Жид бросился со всех ног исполнять требование сердитого пана.
Выпив рюмку водки, незнакомец поправил свой ус и произнес нарочито громко:
— А теперь, жиде, помоги мне оправить коня… отбился как-то в эту дьявольскую погоду от своих слуг, а сам, черт побери, не знаю, что с конем и делать.
— Служу ясному пану, — пролепетал жид и бросился к дверям, распахивая перед незнакомцем двери.
Лишь только Кудлай заметил намерение незнакомца выйти из комнаты, как с громким и свирепым лаем вскочил на ноги, собираясь броситься на него, так что Мазепе пришлось употребить значительное усилие, чтобы удержать рассвирепевшего пса.
— Ну, брат, здесь что-то неспроста! — произнес многозначительно Гордиенко, как только дверь за незнакомцем захлопнулась.
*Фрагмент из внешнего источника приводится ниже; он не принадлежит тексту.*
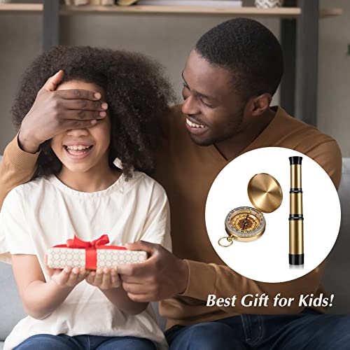 Vintage style: the collapsible telescope is designed with a solid material, with high grade gold plated metal case and polished mirror, not only is it vintage, but it’s practical, coupled with a classic compass party favor, nice for outdoor adventures, hiking, camping, hunting, birding or sailing

— Собака знает его! — отвечал взволнованным голосом Мазепа.
— И, по–видимому, не с доброй стороны, — прибавил значительно Гордиенко, с удивлением смотря на все еще рвавшегося к двери рассвирепевшего Кудлая.
— Но где? Когда? Откуда может он знать этого шляхтича?
Мазепа потер себе лоб рукой.
— С тех пор, как я его взял с хутора, он не отходит от меня и на два шага, а я вижу эту глупую рожу в первый раз.
Но Гордиенко не дослушал Мазепы.
— С хутора? — перебил он его. — А с какого же ты хутора достал собаку?
— Да с того самого хутора, с хутора Сыча. Разве я тебе никогда не говорил об этом? — изумился Мазепа и в коротких словах передал Гордиенко, как он, прискакавши на разоренный хутор Сыча, нашел в нем среди обглоданных волками скелетов единственное живое существо, а именно этого самого Кудлая, с перебитыми задними нога ми, израненного и почти умиравшего от голода, как они с Остапом подобрали его, отходили и как с тех пор Кудлай до такой степени привязался к нему, Мазепе, что не отходит от него никогда и на два шага. Но ужасное происшествие на хуторе, видимо, произвело на собаку потрясающее действие, она совершенно изменила свой характер, стала робка, пуглива, нелюдима, и вдруг — такая непонятная ненависть к этому неизвестному шляхтичу.
Гордиенко внимательно слушал Мазепу.
— Ну, брат! — вскрикнул он радостно, когда Мазепа окончил. — Собака с хутора Сыча, — теперь мне понятно все!
— Как, что? — произнес взволнованно Мазепа и невольно приподнялся с места.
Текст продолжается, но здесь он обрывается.